Легко с тобой. Вообще это что-то странное: не было путных ребят, да вдруг сразу двое. Вас как
подобрали.
Роман смотрит на неё и затяжно мучается: что же делать, ведь всё это так и кончится… Да,
видно, так кончиться и должно. Уже уходя, он останавливается на пороге, смотрит Любе в глаза. За
всё время разговора боялся так смотреть, а теперь чего уже терять? Взглянул, и оторваться нет
сил. От их встретившихся взглядов всё в нём дрожит и закипает. Право, которое он ещё имеет –
всё необходимое сказать ей взглядом, потому что это ведь уже не разговор, а откровение в самом
чистом виде.
– Какой же я осёл, – с трудом проговаривает он.
– Не нужно об этом теперь, – останавливает Люба. – Опоздал ты. Совсем немного опоздал. Я
слово дала.
Романа и вовсе бросает в жар оттого, что она понимает всё точно так же, как он. И о слове,
данном Витьке, она напоминает без сожаления. Просто так есть, так решено – с этого не свернёшь.
И даже от этой верности другому она кажется ещё ближе. Роман чуть было не делает шаг к ней, но
она вовремя и просто останавливает его:
– Ну всё, иди…
Роман продолжает стоять.
– Не надо, Роман, – говорит Люба. – Тебе проще, чем другим. Ты своё найдёшь. Ты счастливый
человек, ты знаешь, чего хочешь. Таких людей мало.
И всё. Дверь, задвинувшись, мягко защёлкивается на крошечный алюминиевый крючок.
Длинный коридор тихо и ласково покачивает, будто пытаясь успокоить. Пахнет пеплом из титана, в
котором с утра снова начнут кипятить чай. А его уже не будет здесь. Глупо стучаться в дверь или
что-то говорить. Совершенно очевидно, что это были её последние слова. Именно так они и
прозвучали, как какой-то вывод, как напутствие.

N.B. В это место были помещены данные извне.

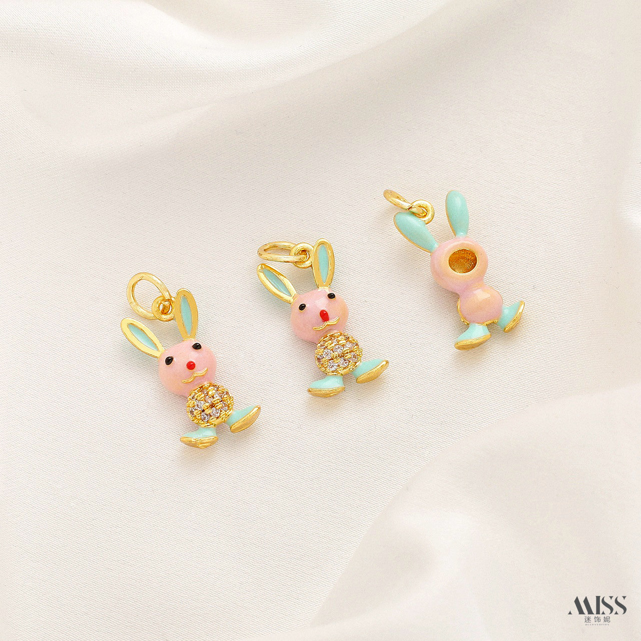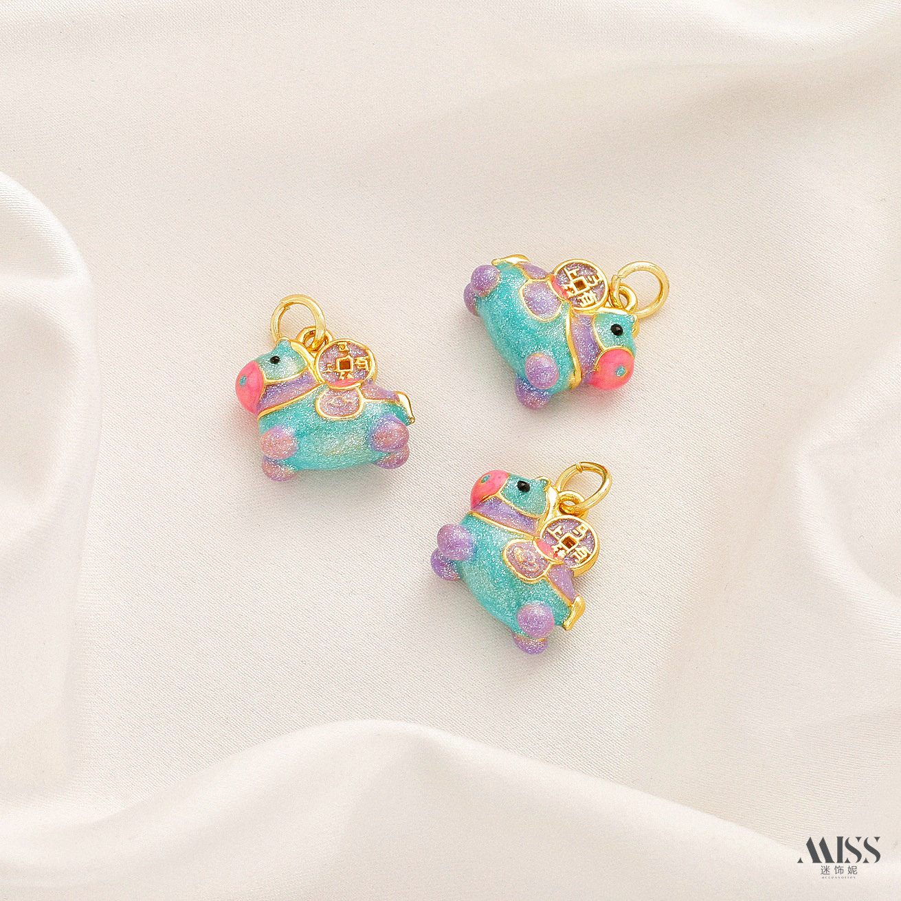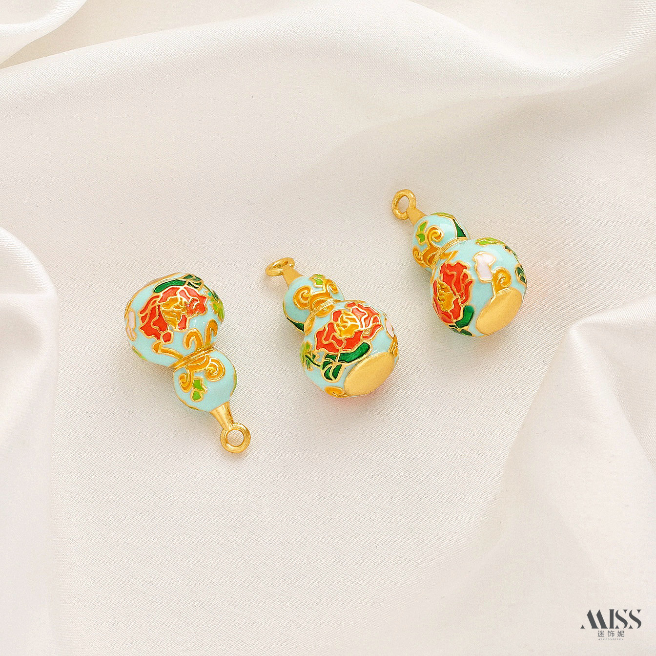 景泰蓝18K包金保色珐琅彩烧蓝葫芦长耳兔马上有钱吊坠diy吊饰配件
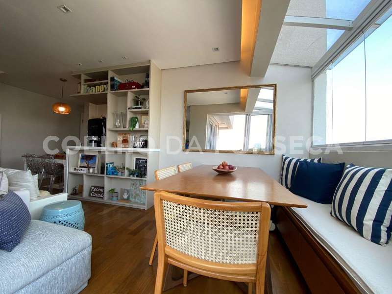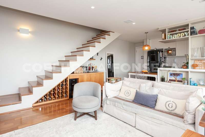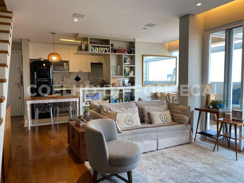 Cobertura no bairro Pinheiros com 108m² área privativa/útil, 2 dormitório(s), 2 suíte(s), 3 vaga(s), 2 banheiro(s), churrasqueira, terraço, depósito, duplex, ar condicionado, reformado (a), varanda gourmet.
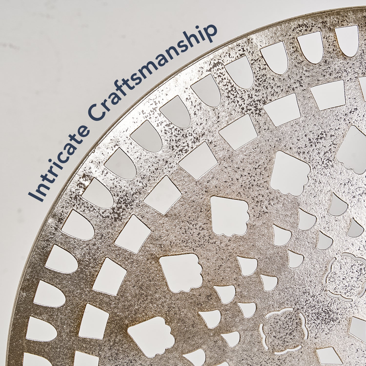 This gorgeous metal medallion is created by taking a sleek silver metal disc and using laser cutting technology to form an intricate, geometric pattern from the negative space.

…Над станцией гремит гроза. А деваться некуда – надо идти. Стоянка две минуты. Вода в
лужах на земле пупырчатая, как серебристая свиная кожа. В тамбуре Романа провожает Наташа.

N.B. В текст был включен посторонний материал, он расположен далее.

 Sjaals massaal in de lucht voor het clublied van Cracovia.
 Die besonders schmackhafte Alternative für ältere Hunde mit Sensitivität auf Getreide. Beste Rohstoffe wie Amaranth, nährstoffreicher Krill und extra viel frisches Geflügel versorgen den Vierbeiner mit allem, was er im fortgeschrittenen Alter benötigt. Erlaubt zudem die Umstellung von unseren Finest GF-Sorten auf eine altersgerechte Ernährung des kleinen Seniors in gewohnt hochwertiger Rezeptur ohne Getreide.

Почему она всё время, пока продолжалось это сватовство, смотрела на них грустно?
Роман спрыгивает в шумный большой душ на галечник своей станции, чуть ли не на лету ловя
слетевшую фуражку. Поворачивается, смотрит на вагон. Люба, кивнув за стеклом своего купе,
лишь прощально мимолётно улыбается еле заметным движением красивых губ. Но лицо её
размыто дождём…
Роман убегает в маленькое здание станции, обессиленно плюхается на изрезанное ножами
сиденье и долго сидит, придерживая дыхание и боясь самого себя, боясь, что выбежит сейчас и
бросится в вагон, стоящий последние секунды. «Да, да, да, ведь это я, именно я настоял на этом
поезде, – думает он, – я как будто знал, как будто знал». Поезд, лязгнув суставами и скрипнув
каким-то одним колесом, трогается с места, а потом всё быстрее и быстрее стучит на стыках.
Стучит и дразнит засевшими в голове словами: «Как знал, как знал, как знал…»
Если бы не гроза, то на вокзал можно бы и не заходить, идти-то надо на автобусную остановку,
но Роман прячет себя здесь до тех пор, пока его скорый не уходит со станции, не затихает вдали.
На кафельном полу из коричневых плиток и на большой скамейке, выгнутой из листа толстой
фанеры, лужи натёкшей воды. В пустом и прохладном здании тихо: слышится лишь перескок
минутной стрелки больших, круглых часов на стене. Зачем он сидит в этой прохладной пустоте?
Теперь он, можно сказать, дома. Он чувствует себя одиноким и умудрённым. Позади две
жизненные эпохи: одна – длиной в два года, другая – в три дня. Эта последняя, стремительная
эпоха, начавшись на одном вокзале, закончилась на другом. Мощно прогремев, прогрохотав,
уложившись в три дня, она умчалась дальше по сверкающему железу, а он, оглушённый и
растерянный, – здесь. Дорога – это всегда то, что соединяет какие-то важные места и события. В
дороге ты всегда находишься, казалось бы, в точке наибольшей неопределённости. А у него иначе.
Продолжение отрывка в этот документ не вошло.